Giallo

di AsinoMorto

Sono annoiato, frustrato, alla fine pazzo. Per noia e frustrazione decido di uccidere una vecchia che non conosco, una qualsiasi.

Mi preparo l’alibi. Scrivo un software, facile facile, che a una certa ora si attiva e accoda una serie di attività sul mio PC in modo da simulare la mia presenza sulla tastiera.

Mi preparo l’arma: un coltello di ghiaccio, classico letterario un po’ vecchio, ma sono fatto così.

Esco. Scelgo una vecchia a caso, ritorna dalla spesa, la seguo fino alla porta di casa, apre, entro anch’io con la forza. La uccido con 53 coltellate. E’ così che si guadagna il titolo sul giornale.

Mentre la vecchia cessa di respirare, cerco la cucina, il coltello finisce nel lavandino, giro per la casa, le solite cose da vecchio, di un altro tempo, sarò anch’io così quando invecchierò ? Invecchierò ?

La mia attenzione si concentra su un cammeo esposto su un mobile. Un bell’oggetto, non particolarmente prezioso ma di pregiata fattura. Probabilmente la punta massima di creatività di qualche artista di provincia.

Lo metto in tasca ed esco, tranquillamente, nella sera ne’ troppo calda, ne’ troppo fredda.

Il giorno dopo. Titoli, morbosità, copertura mediatica, gongolo soddisfatto, mi sento vivo.

Parte l’inchiesta. La polizia brancola nel buio ma alla fine le indagini restringono il cerchio. In mezzo al cerchio ci sono io.

Una giovane ispettrice di polizia capisce chi è il colpevole ma non riesce a dimostrarlo a causa della pigrizia esistenziale di un tecnico della Polizia Postale, figura minore ma significativa di accidioso, metafora della decadenza dell’italia contemporanea.

La giovane ispettrice non si innamora di me. Io non mi innamoro di lei. Sono troppo pieno di me e questa non è una storia d’amore.

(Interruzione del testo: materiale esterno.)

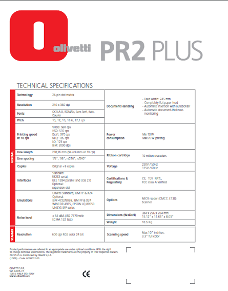 Máy In Sổ OLIVETTI PR2 Plus – Máy in đặc biệt PR2 +
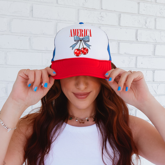 America Cherry Trucker Hat 🍒 Patriotic Coquette Snapback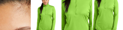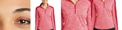 By mixing heather with a solid color and adding reflective hits, this moisture-wicking pullover has a technical look plus plenty of stretch for easy movement. 6.8-ounce, 90/10 poly/spandex jersey Soft-brushed backing Tag-free label Reflective details on right sleeve and lower back Feminine curved and blocked design details on back Cadet collar Reverse coil zipper Princess seams Raglan sleeves Open cuffs and hem Thumbholes to keep hands warm Drop tail hem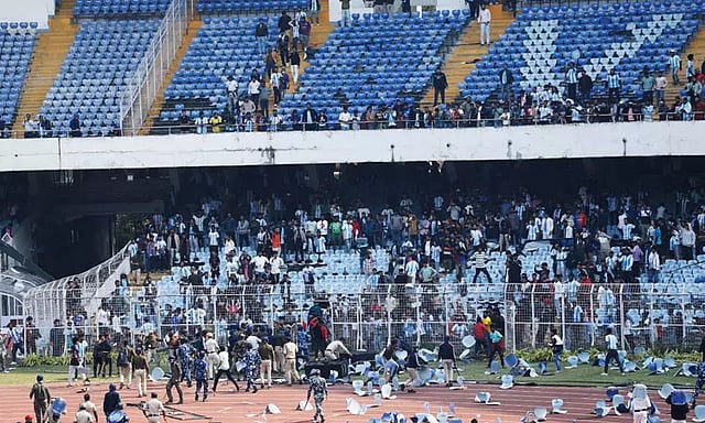 இதனால் ரசிகர்கள் மைதானத்தில் இருந்த பொருட்களை சூறையாட தொடங்கினர். மைதானத்தில் தண்ணீர் பாட்டில்களை எறிந்தும் மைதானத்தில் அமைக்கப்பட்டிருந்த மேடையை அடித்தும் ரசிகர்கள் வன்முறையில் ஈடுப்பட்டனர்.

Alla fine il trucco del software funziona, la faccio franca, il caso è chiuso e va ad aumentare la statistica dei casi irrisolti e la percentuale di italiani che non si sentono sicuri. Si vocifera di responsabilità extra-comunitarie.

E’ una bella sera, questa volta tiepida e luminosa di stelle. Esco, euforico, mi godo, ingiustamente, le bellezze del creato.

Incontro tre balordi, fatti e sfatti. Per gioco, solo per gioco, mi picchiano a morte. Uno di loro è il nipote drogato della vecchia che ho ucciso che si vendica su di me, del dolore che ha provato (mentendo dicendo a se stesso che non fregava niente a nessuno di quella vecchia. Ma a lui in fondo interessava, sotto sotto) sfogando la sua rabbia su un essere colpevole, membro di una umanità non colpevole. O forse viceversa.

Resto lì tra la vita e la morte per tutta la notte. Prima di morire, chissà perchè, tiro fuori dolorosamente dalla tasca il cammeo della vecchia e spendo il mio ultimo sguardo sull’insolita bellezza di quell’oggetto.

Muoio con il cammeo in mano. Infelice, si immagina, ma non sarei sicuro.

Poco dopo, passa per caso una bimba, 12 anni, chissà perché è da quelle parti. Coda bionda, occhi azzurri che ridono fino a che non vede la morte per la prima volta e il cammeo su cui la sua attenzione sfugge, per difesa inconscia, si presume.

Lo prende, lo mette in tasca, scappa via. Chissà perché.

Su quel momento, sulla morte e sulla bellezza semplice di quell’oggetto, la bimba costruirà la sua vita. Diventerà una artista, umile e forte e dedicherà tanta parte delle sue energie ad aiutare le persone a sopportare le proprie sofferenze, attraverso la bellezza del mondo e il calore della sua umanità. Tutto, in fondo, per dimenticare quell’unico momento di morte e i suoi occhi, che hanno smesso di ridere, fortunatamente solo per un attimo.

Io vengo dimenticato all’omicidio successivo. Le opere della bimba diventata donna durano, forse non per sempre, ma per un periodo di tempo sufficiente per destare ammirazione. Rispetto.

La morale di tutto questo ? Non esiste. Il mondo va così e così funziona. Semplicemente.